Racial Profiling

Here is a really great piece that I think is worth everyone reading. It's a great example of how events do not define us, but how we react to said events, does.

"I haven’t said or written much publicly about the shooting that nearly killed me in 2008. But a recent confluence of events — Trayvon Martin’s death, the Zimmerman trial and the public pronouncements of mostly privileged, mostly white people in the aftermath of the verdict — has left me feeling like I have something to share.

Most recently, actor-activist Kal Penn, once an avowed opponent of racial stereotyping in law enforcement (based in part on his own experience getting patted down at airports), changed his views after he was held up at gunpoint in Washington, D.C. (Penn published a brief explanation late last week, and apparently reconsidered his view over the weekend.)

Racial profiling for thee but not for me.
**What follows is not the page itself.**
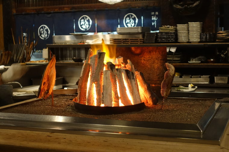 2025.11.14 夜 囲炉裏の前で、焼き魚の原点に触れる@陸蒸気 居酒屋・定食 中野~西荻窪 5000円〜9999円 ★★★★☆ 中野の路地に、落ち着いた雰囲気で佇む『陸蒸気』。1970年代に創業し、1992年に改装されたという歴史ある一軒だ。津軽出身のオーナーが手がける魚料理を中心とした構成で、16時の開店とともに客が入り、夕刻には席が埋まるほどの人気を保つ。外観は古い駅舎を思わせ、店名の「陸蒸気」は蒸気機関車を指す言葉に由来する。落ち着いた雰囲気の中で食事を楽しめるのがこの店の土台だ。 そして、この店を語るなら、どうしてもここを外せない。店の中央に鎮座する大きな囲炉裏が、この店のすべての景色を決めている。赤々と燃える炭火はただの調理設備ではなく、この空間の中心として息づいている。囲炉裏を囲むように客が座り、火を相手にした職人の所作が続いていく。その揺らぎが料理の香りや質感を作り出し、この店ならではの食の温度を形づくっている。 料理はまず「石垣鯛の薄造り」。脂の旨味を軽やかに伝え、薬味の爽やかさが輪郭を整える一皿だ。 「さつま揚げ」は素朴ながら魚の甘みがふわりと立ち、丁寧な仕込みが伝わる。 囲炉裏の実力が最もよく表れるのが焼き物だ。共通して感じられるのは、皮目の香ばしさと塩の当て方の的確さ。子持ち鮎は、火で引き締まった皮の香りと卵の旨味が自然に重なり、噛むほどに味わいが深まる。 「銀だら」は塩気が脂の甘みを引き締め、照りのあるタレとも調和して心地よい余韻を残す。 「きんき」は皮をかじった瞬間に香りが立ち上がり、身の締まりと脂の厚みを素直に引き出してくれる。どの魚も、囲炉裏の火がもたらす皮目の香りと塩気のバランスによって、酒との相性まで自然に整っていく仕上がりだ。 締めには名物「田舎むすび」。一合ほどの米を包んだ堂々とした姿だが、海苔の香りと米の甘さがまっすぐ伝わり、鮭の塩気が心地よく寄り添う。焼き魚で温まった体を優しく落ち着かせてくれる。 接客も丁寧で、焼き魚の取り分け方まで気を配ってくれる。囲炉裏の熱気と穏やかなサービスが、料理の印象をより柔らかくしていた。総括すると、囲炉裏という唯一無二の舞台を中心に、魚の旨味と炊きたてのご飯の幸福感を静かに積み重ねる店。火の温度と素材への誠実さが、食事そのものの魅力を素直に引き出してくれる。気がつけばまた足を運びたくなる、そんな落ち着いた良さがここにはある。 ご馳走様でした。 — 陸蒸気03-3228-1230東京都中野区中野5-59-3https://tabelog.com/tokyo/A1319/A131902/13000216/

That’s how it looks, at least. It’s probably more complicated than that. I don’t know. I asked Penn on Twitter to discuss the evolution of his views with me, but didn’t get a reply. Maybe he didn’t see the request. Either way, the offer still stands.

What I can say with some authority — whether this is what happened to Penn or not — is that being a victim of gun violence doesn’t have to turn you into a supporter of racial profiling.

My story is more than five years old now. It took place in Washington, D.C., on a typically warm July night. I was out late on a Tuesday with a friend whom I’ll call Matt, since that’s his name. We’d been drinking — probably too much for a weeknight, but not too much for a 25-year-old journalist.

A half-hour after last call, on our walk home up 16th Street northbound toward Mount Pleasant where we lived at the time, we impulsively decided to grab a late night snack at a 24-hour diner we used to frequent in Adams Morgan and hung a left up Euclid Street — a dimly lit one-way street with a violent history.

I’d been up and down Euclid hundreds of times over the years — midday and late at night; alone and with friends; drunk and sober; and just about every permutation thereof. Always without incident.

Continued
 
I like this paragraph:

That’s what I remembered when I began my recovery five years ago. In the preceding 25 years, I’d crossed paths with thousands and thousands of black people (including, obviously, those who became friends). Over the same stretch I’d also crossed paths with thousands and thousands of people wearing hoodies (there was surely some overlap). I got very, very unlucky one time. Adding it all up, I figured my odds of avoiding a repeat of that night are pretty good.
 
Oddly reminded me of a friend who got mugged in Oakland and shot; he lost his spleen too. But he knew right away.

Glad to see the guy in the article in the Op realizes just because he got shot by a black kid doesn't mean all black kids are bad.